David Gordon Green, the somber and introspective director of acclaimed independent films like George Washington and All the Real Girls, will appear at the Harvard Film Archive on March 9 and 10 to promote and discuss his new film, Snow Angels. This is the fourth feature film from the 32-year-old writer/director and judging by its big-name cast, which includes Kate Beckinsale and Sam Rockwell, it appears to be his most accessible work to date.
However, despite Snow Angels’ ostensible mainstream appeal, it hardly deviates from the coming-of-age genre that Green has devoted his craft to since 2000’s George Washington. Like that film and All the Real Girls, both of which will also be screened at the HFA, Snow Angels investigates the gray area between childhood and adulthood, but its premise doesn’t limit itself solely to the confines of adolescence.

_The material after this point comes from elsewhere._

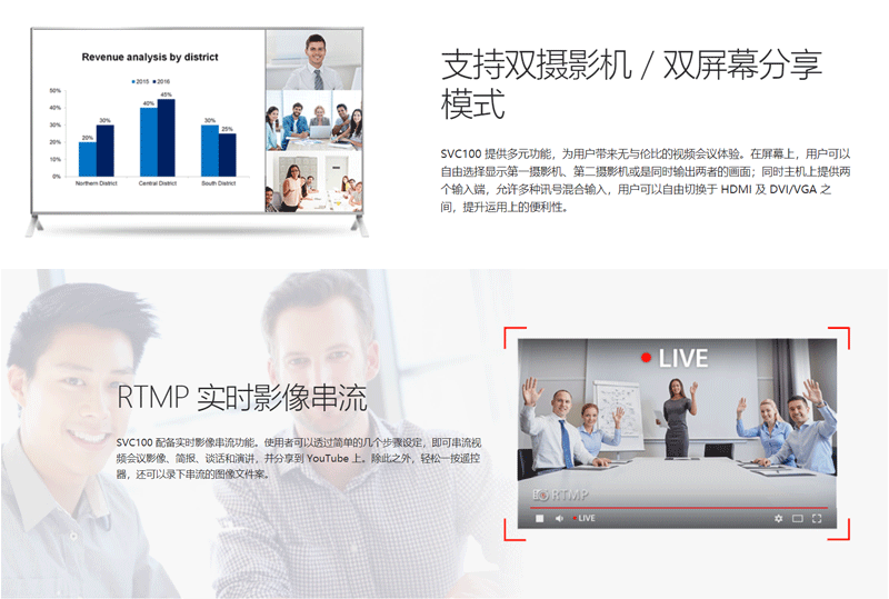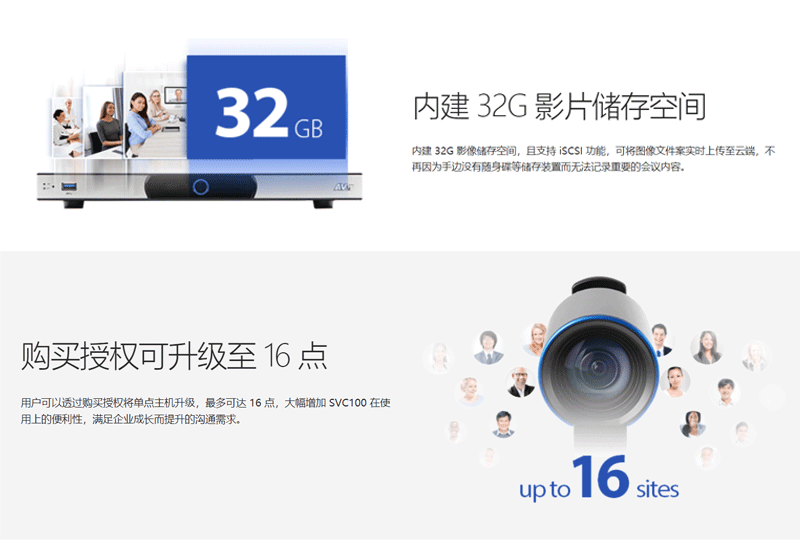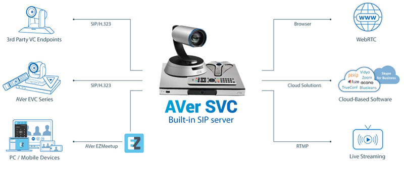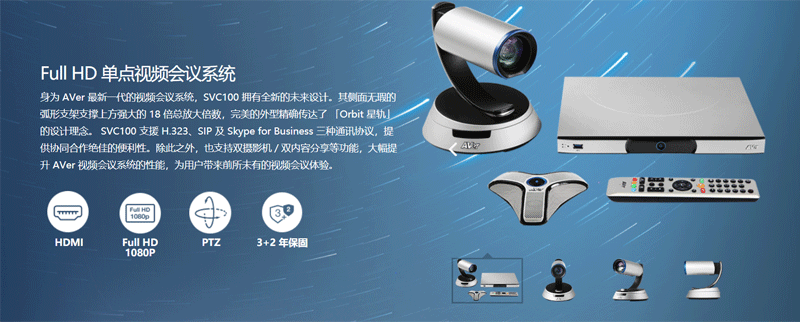 SVC100 可以接收和分享實時影像或是簡報檔案等內容。除了和 Skype for Business 完美結合外,同時也支持 H.323 和 SIP 兩種通訊傳輸協議,大幅增加系統兼容性,為協同合作帶來更多可能。

In most of Green’s films, particularly the southern-based Real Girls, adults are impaired by their own self-destructive immaturity. They are forced to break apart their lives in order to grow into kinder and more tolerable human beings. Unlike directors such as Noah Baumbach (The Squid and the Whale) and Todd Fields (Little Children) who structure their characters based on personality flaws too terrible to overcome, Green instills his actors with an enormous range of empathy. He successfully interweaves issues of sex, loss and love into each characters’ independently-defined personalities with meticulous and unfettered attention to detail.

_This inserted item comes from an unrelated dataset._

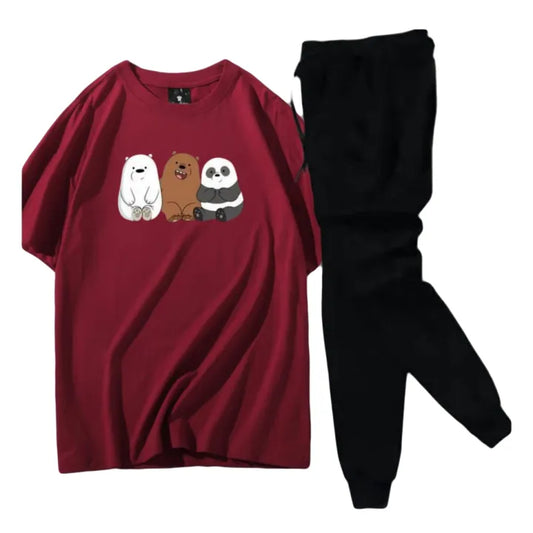Maroon Trendy Cute 3 Bear Printed Tracksuit For Girls & Womens - Soft & Comfortable Fabric T Shirt & Trouser Summer Wear Tracksuit By OUTFITTERS 2.0

Green doesn’t always hone a believable sense of dimensionality within all of his actors-Real Girl’s star Zooey Deschanel comes across as flat and undeveloped-but when Green gets it right, he is able to break free of genre-inflicted clicheacute;s and instill a sense of purity within his characters that make his films effortlessly naturalistic.
Comparisons between Green and Terrence Malick (Days of Heaven, The New World) are unavoidable. Both directors observe human relationships in austere settings, investigating atmosphere and slowly developing the poetic scope of nature. But while Malick makes films with an epic concept in mind, Green is more interested in simple humanity. It is for this reason that audience members and film buffs alike have grown to love the director’s vision and why Snow Angels is so eagerly anticipated by the film community.
If his newest film is able to deepen the themes so beautifully evoked in his previous projects, Green will prove himself an auteur in his own right and undoubtedly remedy Hollywood blandness with his striking visual palette and profound understanding of ordinary day-to-day existence.